**Work task:** What is wanted is every line below from the one with "In the third" up to and including the one with "We are currently", retyped exactly, pictures excluded, nothing else.

**Data supplied:**
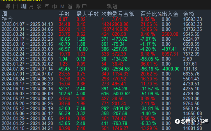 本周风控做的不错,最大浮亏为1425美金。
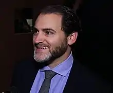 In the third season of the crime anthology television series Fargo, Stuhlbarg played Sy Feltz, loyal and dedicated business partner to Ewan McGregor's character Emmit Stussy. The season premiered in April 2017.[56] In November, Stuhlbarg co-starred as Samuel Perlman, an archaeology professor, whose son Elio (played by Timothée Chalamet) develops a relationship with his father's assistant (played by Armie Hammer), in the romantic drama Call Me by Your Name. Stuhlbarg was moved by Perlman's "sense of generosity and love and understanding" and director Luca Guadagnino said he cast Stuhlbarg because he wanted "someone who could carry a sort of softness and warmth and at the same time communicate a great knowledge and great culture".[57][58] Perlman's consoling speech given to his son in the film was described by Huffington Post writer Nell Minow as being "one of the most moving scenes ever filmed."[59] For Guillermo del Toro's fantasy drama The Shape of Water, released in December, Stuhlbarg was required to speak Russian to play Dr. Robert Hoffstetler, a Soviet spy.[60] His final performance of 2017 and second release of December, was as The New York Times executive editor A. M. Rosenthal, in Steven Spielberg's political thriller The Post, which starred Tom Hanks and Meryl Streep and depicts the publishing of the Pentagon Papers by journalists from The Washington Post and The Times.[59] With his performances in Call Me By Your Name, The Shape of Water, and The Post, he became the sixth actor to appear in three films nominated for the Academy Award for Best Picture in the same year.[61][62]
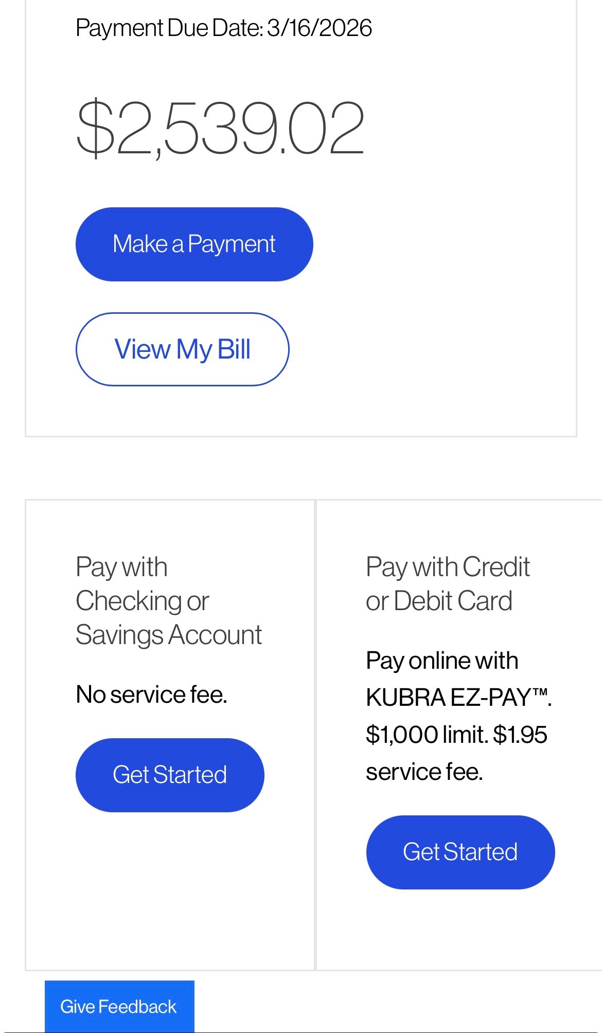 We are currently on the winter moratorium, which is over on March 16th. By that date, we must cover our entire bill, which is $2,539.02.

---

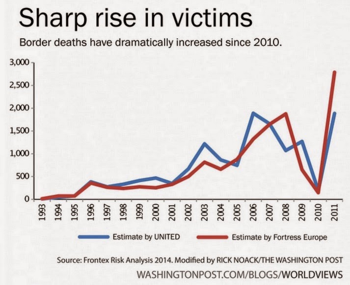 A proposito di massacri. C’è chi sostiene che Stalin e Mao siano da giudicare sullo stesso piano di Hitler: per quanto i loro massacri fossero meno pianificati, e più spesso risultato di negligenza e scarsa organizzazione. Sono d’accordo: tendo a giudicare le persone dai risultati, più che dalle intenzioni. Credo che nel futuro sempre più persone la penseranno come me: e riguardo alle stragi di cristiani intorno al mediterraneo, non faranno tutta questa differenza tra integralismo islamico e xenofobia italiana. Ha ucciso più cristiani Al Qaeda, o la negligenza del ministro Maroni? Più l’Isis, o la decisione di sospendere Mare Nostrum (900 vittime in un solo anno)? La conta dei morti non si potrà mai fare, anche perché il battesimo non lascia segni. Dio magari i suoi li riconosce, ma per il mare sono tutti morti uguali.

**Task result:**
 In the third season of the crime anthology television series Fargo, Stuhlbarg played Sy Feltz, loyal and dedicated business partner to Ewan McGregor's character Emmit Stussy. The season premiered in April 2017.[56] In November, Stuhlbarg co-starred as Samuel Perlman, an archaeology professor, whose son Elio (played by Timothée Chalamet) develops a relationship with his father's assistant (played by Armie Hammer), in the romantic drama Call Me by Your Name. Stuhlbarg was moved by Perlman's "sense of generosity and love and understanding" and director Luca Guadagnino said he cast Stuhlbarg because he wanted "someone who could carry a sort of softness and warmth and at the same time communicate a great knowledge and great culture".[57][58] Perlman's consoling speech given to his son in the film was described by Huffington Post writer Nell Minow as being "one of the most moving scenes ever filmed."[59] For Guillermo del Toro's fantasy drama The Shape of Water, released in December, Stuhlbarg was required to speak Russian to play Dr. Robert Hoffstetler, a Soviet spy.[60] His final performance of 2017 and second release of December, was as The New York Times executive editor A. M. Rosenthal, in Steven Spielberg's political thriller The Post, which starred Tom Hanks and Meryl Streep and depicts the publishing of the Pentagon Papers by journalists from The Washington Post and The Times.[59] With his performances in Call Me By Your Name, The Shape of Water, and The Post, he became the sixth actor to appear in three films nominated for the Academy Award for Best Picture in the same year.[61][62]
 We are currently on the winter moratorium, which is over on March 16th. By that date, we must cover our entire bill, which is $2,539.02.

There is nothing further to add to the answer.